Work required:
In this exercise, retype exactly the lines from the start of the entries through the line bearing "TRIBUN-MEDAN.COM, MEDAN - Wali", leaving every picture out.

Records provided:
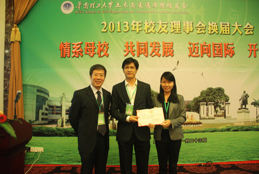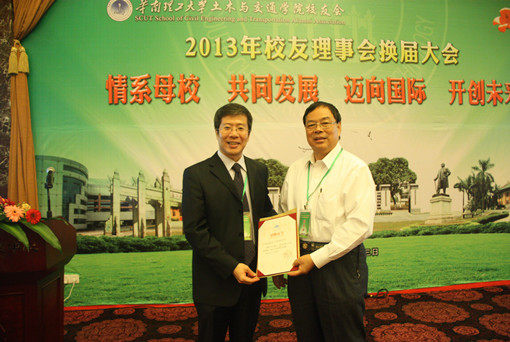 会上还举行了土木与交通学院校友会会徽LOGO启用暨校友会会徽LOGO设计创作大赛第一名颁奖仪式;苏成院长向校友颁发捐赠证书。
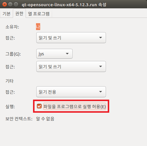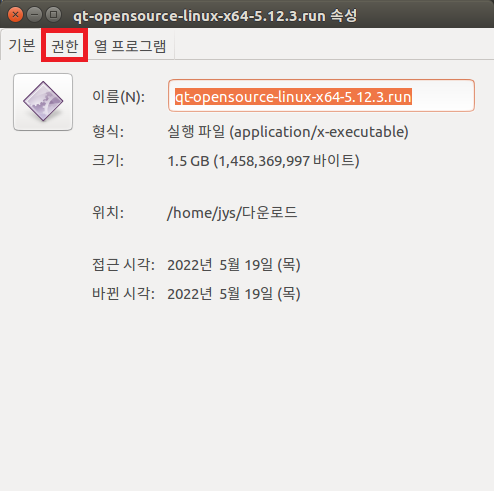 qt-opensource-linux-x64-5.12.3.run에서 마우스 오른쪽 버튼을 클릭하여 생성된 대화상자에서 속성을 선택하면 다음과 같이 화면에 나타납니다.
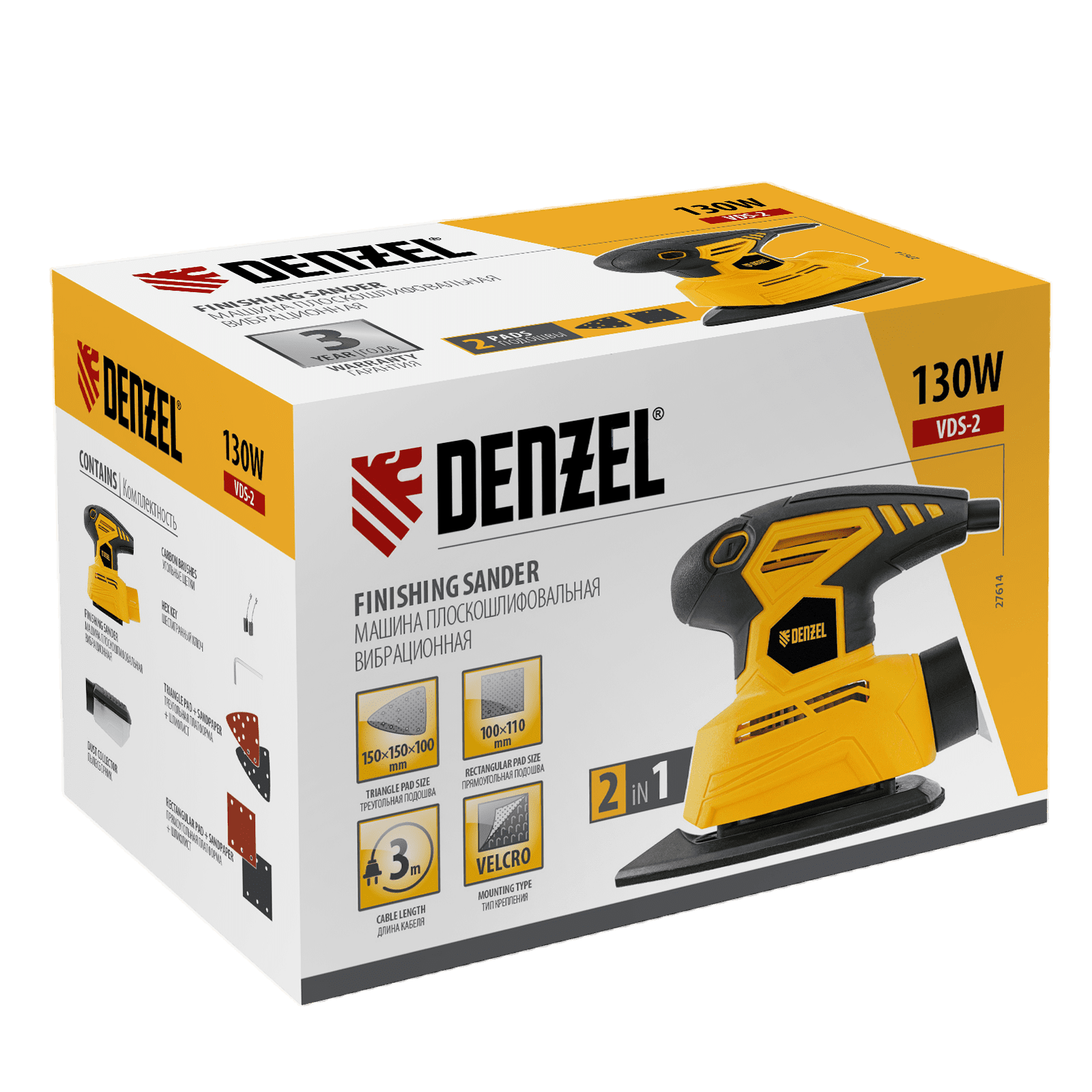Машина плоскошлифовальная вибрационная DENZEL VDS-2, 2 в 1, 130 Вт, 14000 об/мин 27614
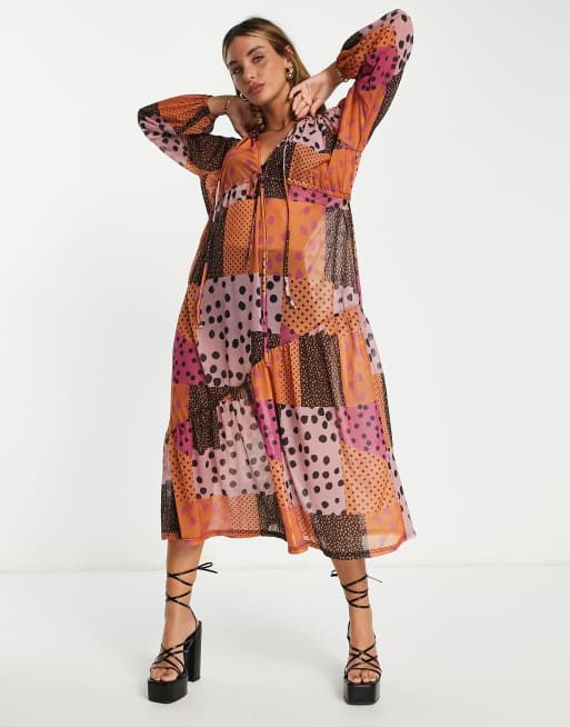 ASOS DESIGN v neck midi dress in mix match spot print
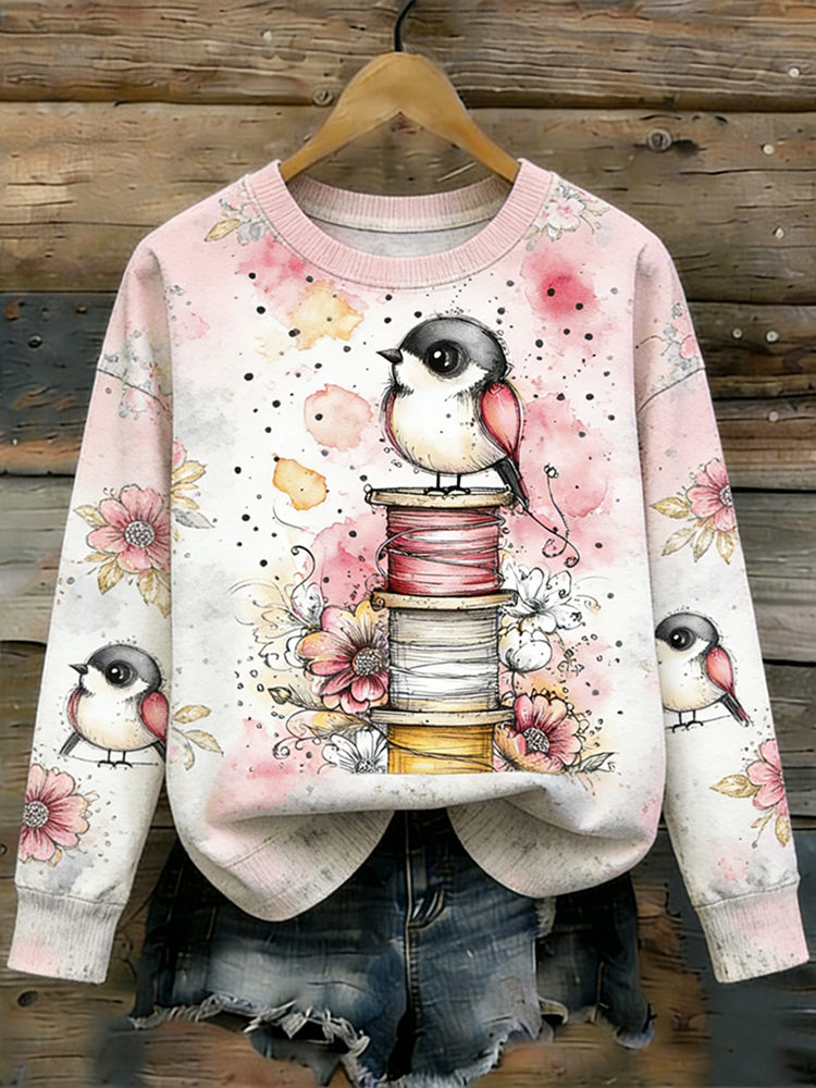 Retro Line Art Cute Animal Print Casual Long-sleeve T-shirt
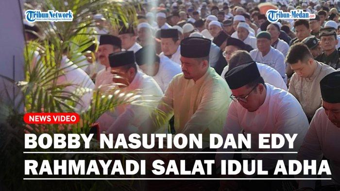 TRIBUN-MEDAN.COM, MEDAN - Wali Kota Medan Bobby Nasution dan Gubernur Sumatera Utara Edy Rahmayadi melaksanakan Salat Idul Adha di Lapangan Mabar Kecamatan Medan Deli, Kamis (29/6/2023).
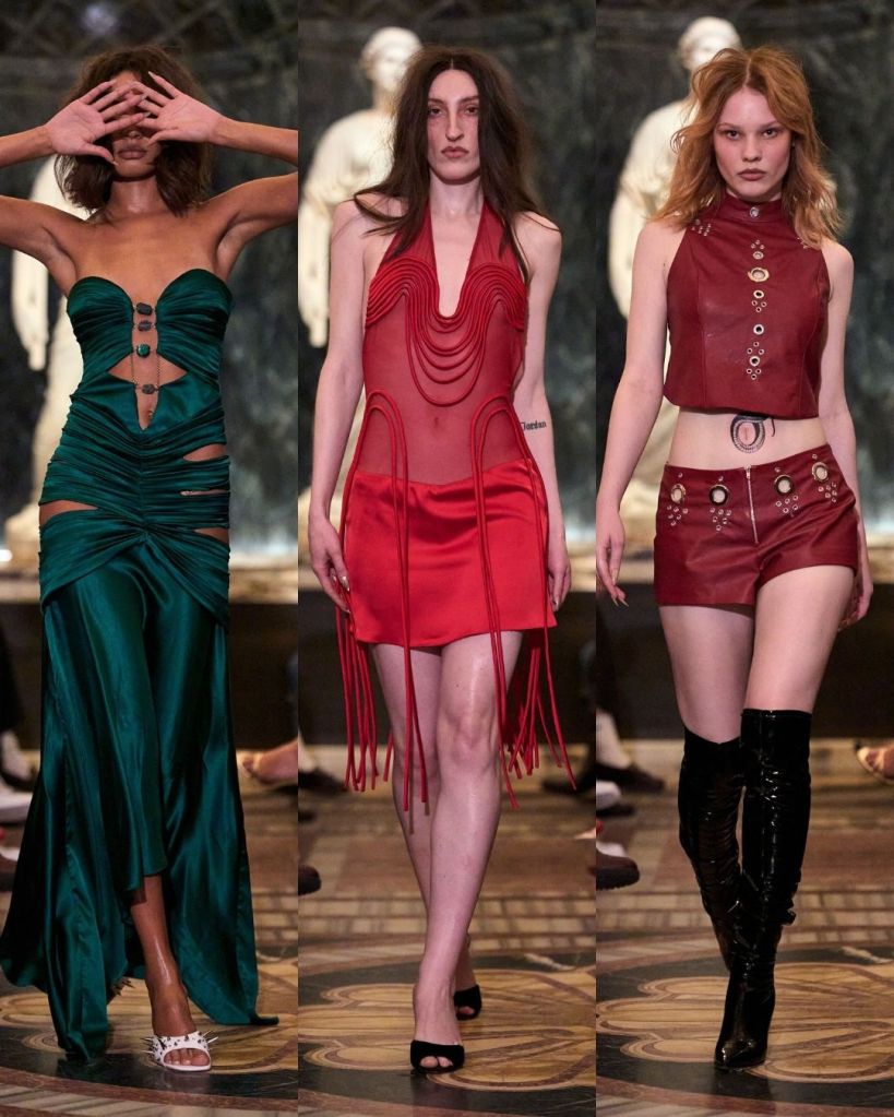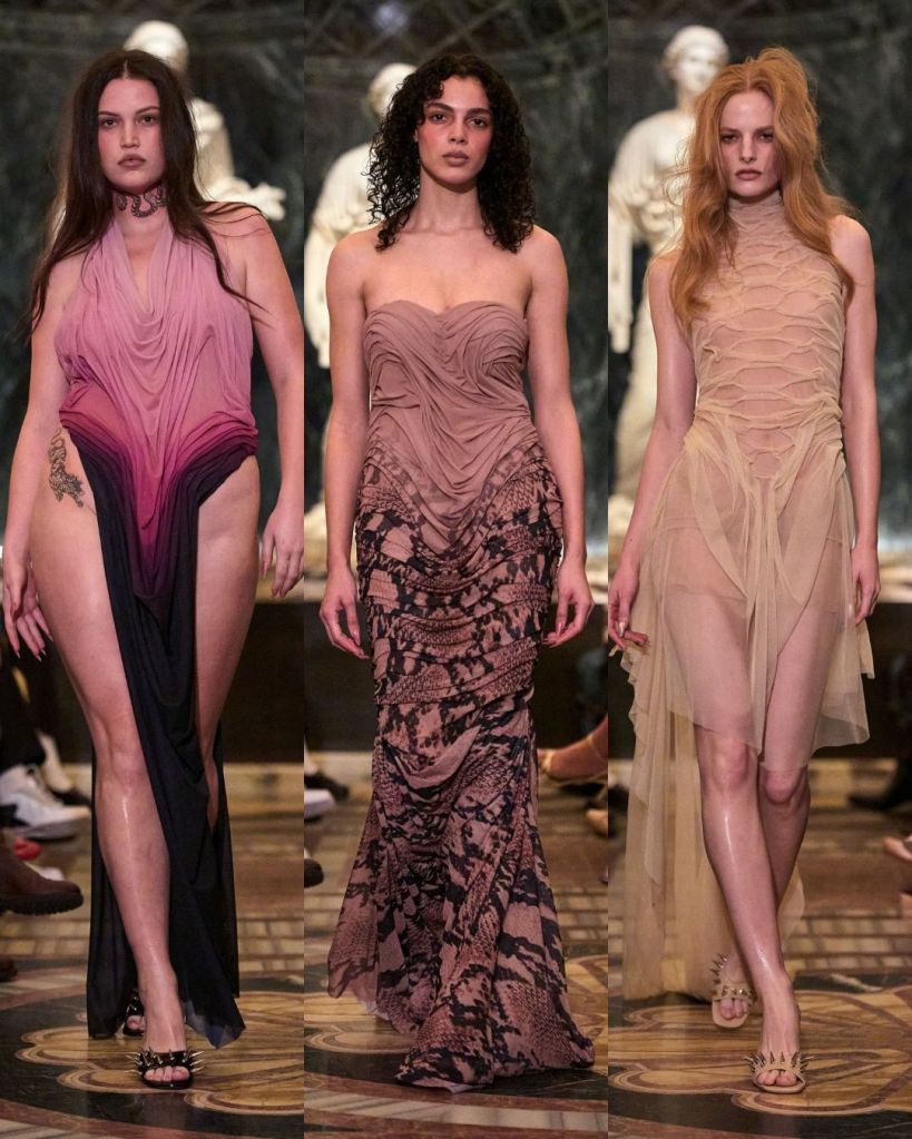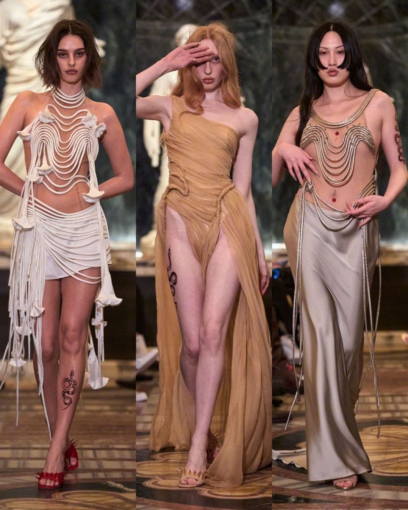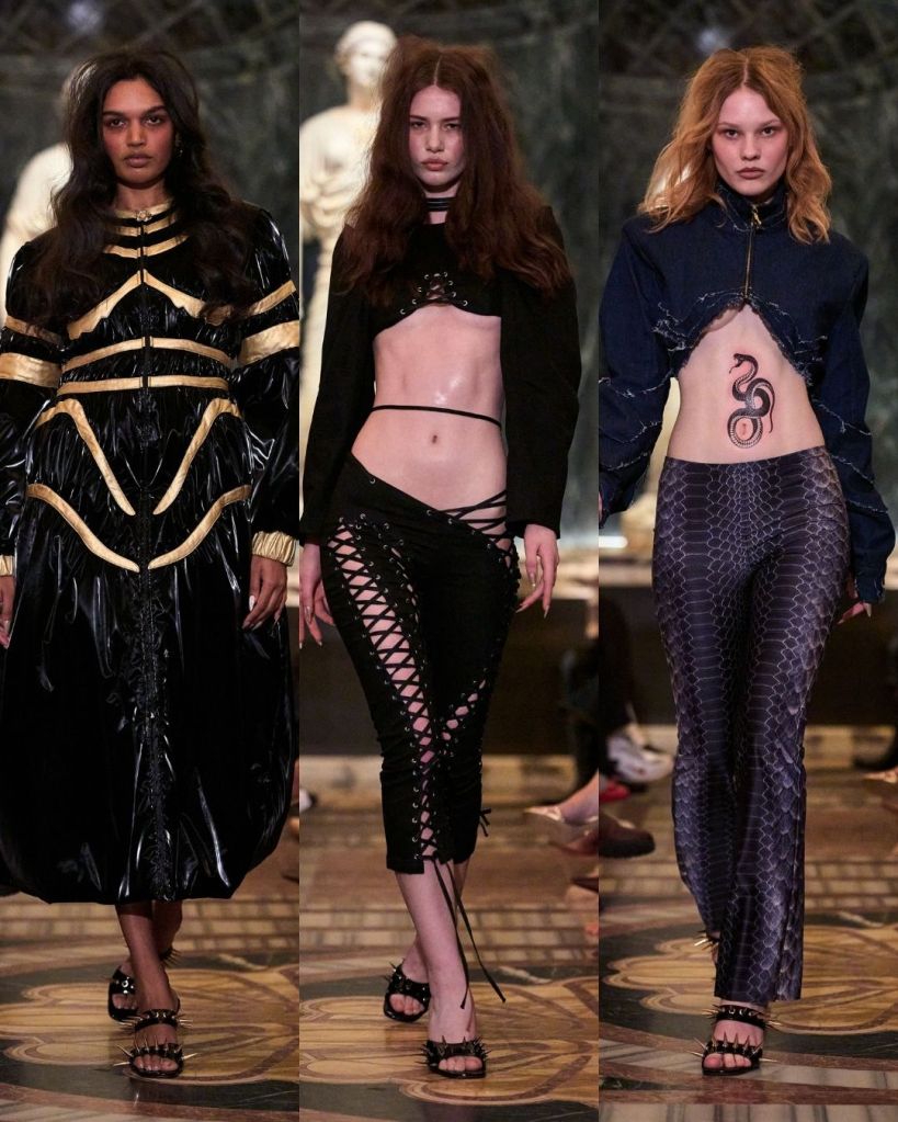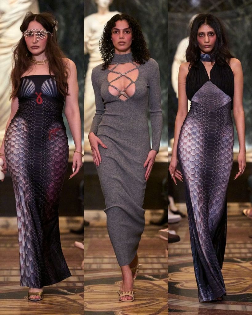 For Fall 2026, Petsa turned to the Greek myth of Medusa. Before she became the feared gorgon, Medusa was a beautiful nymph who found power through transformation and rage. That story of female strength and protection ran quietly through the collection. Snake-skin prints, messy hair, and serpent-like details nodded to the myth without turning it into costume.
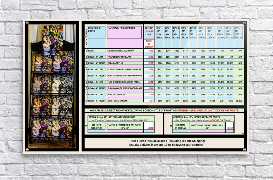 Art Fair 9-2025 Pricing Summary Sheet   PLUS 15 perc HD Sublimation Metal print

Finished exercise:
 会上还举行了土木与交通学院校友会会徽LOGO启用暨校友会会徽LOGO设计创作大赛第一名颁奖仪式;苏成院长向校友颁发捐赠证书。
 qt-opensource-linux-x64-5.12.3.run에서 마우스 오른쪽 버튼을 클릭하여 생성된 대화상자에서 속성을 선택하면 다음과 같이 화면에 나타납니다.
Машина плоскошлифовальная вибрационная DENZEL VDS-2, 2 в 1, 130 Вт, 14000 об/мин 27614
 ASOS DESIGN v neck midi dress in mix match spot print
 Retro Line Art Cute Animal Print Casual Long-sleeve T-shirt
 TRIBUN-MEDAN.COM, MEDAN - Wali Kota Medan Bobby Nasution dan Gubernur Sumatera Utara Edy Rahmayadi melaksanakan Salat Idul Adha di Lapangan Mabar Kecamatan Medan Deli, Kamis (29/6/2023).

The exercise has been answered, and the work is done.